The original Nike guided missile model was a two-stage Bell Labs design called Nike Ajax, which carried a conventional warhead. Radar of the late 40s and early 50s, however, didn’t have sufficient resolution to differentiate between individual bombers in a multi-plane formation. Thus, the missile could find the group of attacking planes, but there was no way to ensure it could hit any one of them.

This was the atomic age, so naturally the solution was a bigger bang. A WX-9 nuclear warhead was fitted to the Nike Ajax models. With a nuclear warhead whole formations could be eliminated by one missile. One Nike unit motto grimly summed up the intended result: “If it flies, it dies.”

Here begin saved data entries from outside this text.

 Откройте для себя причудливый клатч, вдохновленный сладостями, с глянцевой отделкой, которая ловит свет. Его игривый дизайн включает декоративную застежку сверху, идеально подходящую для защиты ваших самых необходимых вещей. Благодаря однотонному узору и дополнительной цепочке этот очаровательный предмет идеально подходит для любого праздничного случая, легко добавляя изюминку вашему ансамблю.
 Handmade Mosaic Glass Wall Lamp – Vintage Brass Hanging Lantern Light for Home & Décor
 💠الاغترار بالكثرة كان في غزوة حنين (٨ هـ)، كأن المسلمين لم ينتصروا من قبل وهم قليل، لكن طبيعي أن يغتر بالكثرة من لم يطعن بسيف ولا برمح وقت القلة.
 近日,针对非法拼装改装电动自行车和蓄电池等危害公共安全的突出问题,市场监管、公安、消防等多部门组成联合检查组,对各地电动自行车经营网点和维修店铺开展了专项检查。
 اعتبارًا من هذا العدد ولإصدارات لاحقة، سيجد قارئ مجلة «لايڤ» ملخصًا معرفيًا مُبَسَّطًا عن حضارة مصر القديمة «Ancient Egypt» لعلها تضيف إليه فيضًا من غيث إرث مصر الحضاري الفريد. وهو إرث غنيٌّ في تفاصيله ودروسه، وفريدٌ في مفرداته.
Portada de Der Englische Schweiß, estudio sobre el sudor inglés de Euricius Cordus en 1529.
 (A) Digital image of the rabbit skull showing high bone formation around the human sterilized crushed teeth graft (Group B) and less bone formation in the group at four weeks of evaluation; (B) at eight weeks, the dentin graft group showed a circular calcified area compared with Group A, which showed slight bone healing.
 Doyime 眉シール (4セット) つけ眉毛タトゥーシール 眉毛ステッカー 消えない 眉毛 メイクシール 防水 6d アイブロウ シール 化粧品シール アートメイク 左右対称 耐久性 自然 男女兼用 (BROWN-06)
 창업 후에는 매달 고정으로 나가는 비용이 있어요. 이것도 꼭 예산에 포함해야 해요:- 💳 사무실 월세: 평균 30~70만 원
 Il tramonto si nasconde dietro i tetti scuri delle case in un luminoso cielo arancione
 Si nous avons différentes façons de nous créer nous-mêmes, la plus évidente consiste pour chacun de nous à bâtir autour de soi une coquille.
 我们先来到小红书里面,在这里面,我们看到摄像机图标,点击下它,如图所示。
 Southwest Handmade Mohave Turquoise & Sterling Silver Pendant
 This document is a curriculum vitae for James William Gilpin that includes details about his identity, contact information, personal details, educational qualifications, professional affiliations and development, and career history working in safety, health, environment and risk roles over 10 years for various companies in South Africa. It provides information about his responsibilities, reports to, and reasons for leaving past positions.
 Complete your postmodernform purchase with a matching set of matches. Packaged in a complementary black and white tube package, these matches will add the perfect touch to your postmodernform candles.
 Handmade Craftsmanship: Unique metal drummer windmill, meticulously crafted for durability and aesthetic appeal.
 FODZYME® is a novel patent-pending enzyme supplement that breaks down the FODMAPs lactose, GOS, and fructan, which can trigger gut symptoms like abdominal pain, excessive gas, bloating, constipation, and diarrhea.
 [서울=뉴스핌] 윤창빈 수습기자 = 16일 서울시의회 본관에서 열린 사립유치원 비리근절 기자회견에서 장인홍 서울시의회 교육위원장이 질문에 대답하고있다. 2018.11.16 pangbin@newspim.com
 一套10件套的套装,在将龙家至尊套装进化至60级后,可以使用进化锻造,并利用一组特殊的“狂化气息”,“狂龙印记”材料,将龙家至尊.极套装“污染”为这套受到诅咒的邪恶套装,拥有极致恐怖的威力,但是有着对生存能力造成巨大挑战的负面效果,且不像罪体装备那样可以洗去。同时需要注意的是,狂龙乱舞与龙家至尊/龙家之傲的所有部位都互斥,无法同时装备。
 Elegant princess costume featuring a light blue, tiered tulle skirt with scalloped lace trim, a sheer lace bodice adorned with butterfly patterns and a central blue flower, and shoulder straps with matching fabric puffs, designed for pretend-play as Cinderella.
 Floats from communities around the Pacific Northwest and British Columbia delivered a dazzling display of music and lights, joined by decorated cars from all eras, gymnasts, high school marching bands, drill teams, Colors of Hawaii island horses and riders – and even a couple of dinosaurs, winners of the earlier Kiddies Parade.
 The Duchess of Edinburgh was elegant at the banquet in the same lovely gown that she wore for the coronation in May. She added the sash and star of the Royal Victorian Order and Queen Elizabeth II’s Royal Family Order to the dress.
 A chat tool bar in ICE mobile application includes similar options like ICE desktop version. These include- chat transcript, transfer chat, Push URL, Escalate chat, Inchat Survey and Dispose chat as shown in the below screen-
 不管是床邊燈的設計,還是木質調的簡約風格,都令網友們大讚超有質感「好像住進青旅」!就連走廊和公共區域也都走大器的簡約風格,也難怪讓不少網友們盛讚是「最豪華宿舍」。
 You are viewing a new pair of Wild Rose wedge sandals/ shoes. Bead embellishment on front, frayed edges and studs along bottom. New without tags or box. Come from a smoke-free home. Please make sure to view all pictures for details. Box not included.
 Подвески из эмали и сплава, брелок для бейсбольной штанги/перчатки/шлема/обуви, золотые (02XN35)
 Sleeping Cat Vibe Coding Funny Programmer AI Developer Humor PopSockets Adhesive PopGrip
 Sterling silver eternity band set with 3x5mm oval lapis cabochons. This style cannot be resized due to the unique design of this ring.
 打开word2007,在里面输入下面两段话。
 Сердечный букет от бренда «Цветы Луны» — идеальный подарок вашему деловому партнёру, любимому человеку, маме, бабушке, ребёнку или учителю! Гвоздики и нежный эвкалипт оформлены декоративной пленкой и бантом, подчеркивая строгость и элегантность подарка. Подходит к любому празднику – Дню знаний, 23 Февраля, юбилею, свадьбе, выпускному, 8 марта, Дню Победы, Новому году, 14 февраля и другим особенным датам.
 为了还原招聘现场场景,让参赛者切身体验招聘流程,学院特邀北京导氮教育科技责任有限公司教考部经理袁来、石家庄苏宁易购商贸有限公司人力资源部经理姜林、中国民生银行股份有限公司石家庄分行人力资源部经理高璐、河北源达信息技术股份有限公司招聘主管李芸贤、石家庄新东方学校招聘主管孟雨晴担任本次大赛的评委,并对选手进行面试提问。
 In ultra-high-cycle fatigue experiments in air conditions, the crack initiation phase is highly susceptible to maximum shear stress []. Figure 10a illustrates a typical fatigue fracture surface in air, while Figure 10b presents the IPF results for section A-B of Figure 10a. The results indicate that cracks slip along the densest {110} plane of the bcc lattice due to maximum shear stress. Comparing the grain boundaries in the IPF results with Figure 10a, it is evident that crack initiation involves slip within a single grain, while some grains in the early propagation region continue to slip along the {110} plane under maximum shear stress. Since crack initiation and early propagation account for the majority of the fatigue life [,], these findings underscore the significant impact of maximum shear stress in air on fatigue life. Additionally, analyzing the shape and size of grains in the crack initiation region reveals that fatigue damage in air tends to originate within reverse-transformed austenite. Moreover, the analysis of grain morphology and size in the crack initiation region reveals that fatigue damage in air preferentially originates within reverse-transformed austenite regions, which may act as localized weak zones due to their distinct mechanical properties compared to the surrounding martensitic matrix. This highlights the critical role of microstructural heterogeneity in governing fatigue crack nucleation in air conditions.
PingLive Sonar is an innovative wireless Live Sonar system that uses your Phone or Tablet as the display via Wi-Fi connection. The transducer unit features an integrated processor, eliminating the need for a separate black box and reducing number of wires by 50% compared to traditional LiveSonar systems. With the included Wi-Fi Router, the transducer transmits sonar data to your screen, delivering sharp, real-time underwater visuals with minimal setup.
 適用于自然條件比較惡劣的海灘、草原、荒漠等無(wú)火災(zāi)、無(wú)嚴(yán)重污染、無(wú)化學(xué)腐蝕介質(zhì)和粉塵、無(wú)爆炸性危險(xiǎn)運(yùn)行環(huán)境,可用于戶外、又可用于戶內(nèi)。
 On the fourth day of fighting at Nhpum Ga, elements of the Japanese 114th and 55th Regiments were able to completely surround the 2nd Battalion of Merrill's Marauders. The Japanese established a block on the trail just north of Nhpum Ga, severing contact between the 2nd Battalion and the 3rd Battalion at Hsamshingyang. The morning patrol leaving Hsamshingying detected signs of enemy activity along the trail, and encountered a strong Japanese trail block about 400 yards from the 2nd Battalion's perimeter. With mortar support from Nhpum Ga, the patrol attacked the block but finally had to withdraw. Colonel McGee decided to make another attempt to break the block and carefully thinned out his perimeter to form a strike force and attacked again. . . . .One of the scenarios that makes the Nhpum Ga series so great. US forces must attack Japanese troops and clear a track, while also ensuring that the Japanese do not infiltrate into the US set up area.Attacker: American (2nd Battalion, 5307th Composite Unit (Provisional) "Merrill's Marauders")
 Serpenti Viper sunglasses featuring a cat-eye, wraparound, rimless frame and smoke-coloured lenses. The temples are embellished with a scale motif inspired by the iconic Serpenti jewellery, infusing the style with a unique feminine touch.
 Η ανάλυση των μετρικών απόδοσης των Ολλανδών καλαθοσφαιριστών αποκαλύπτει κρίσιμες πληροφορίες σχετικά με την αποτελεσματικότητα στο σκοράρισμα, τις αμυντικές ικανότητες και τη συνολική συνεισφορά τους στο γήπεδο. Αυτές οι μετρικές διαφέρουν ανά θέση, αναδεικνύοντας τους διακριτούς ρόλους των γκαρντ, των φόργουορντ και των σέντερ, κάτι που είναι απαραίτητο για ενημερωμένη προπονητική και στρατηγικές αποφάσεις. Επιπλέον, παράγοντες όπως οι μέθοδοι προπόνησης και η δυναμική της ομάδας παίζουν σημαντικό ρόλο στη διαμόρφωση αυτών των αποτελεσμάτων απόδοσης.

As the Soviets developed faster bombers, there was a worry that these aircraft could release their weapons up to 50 miles from their targets. This rendered the 30-mile range of Nike Ajax a distinct liability. Bell Labs was given the go ahead by the Army to develop a longer range antiaircraft missile called Nike Hercules. The Hercules second stage was wider than the Ajax second stage so it could carry implosion-type warheads like the W31, which were more efficient than the gun type WX-9 warhead.

To boost the heavier Hercules second stage, the first stage of Nike Hercules was built using four of the Ajax first stages strapped together into a four booster configuration. The Nike Hercules had a range of 90 miles and streaked to an altitude of 100,000 feet, allowing it to reach out and touch Soviet bombers before they released their bombs. The increased range also meant Nike Hercules could cover a larger area with fewer missiles and bases, saving money — always a plus when you have lots of cool Cold War gear you want to buy.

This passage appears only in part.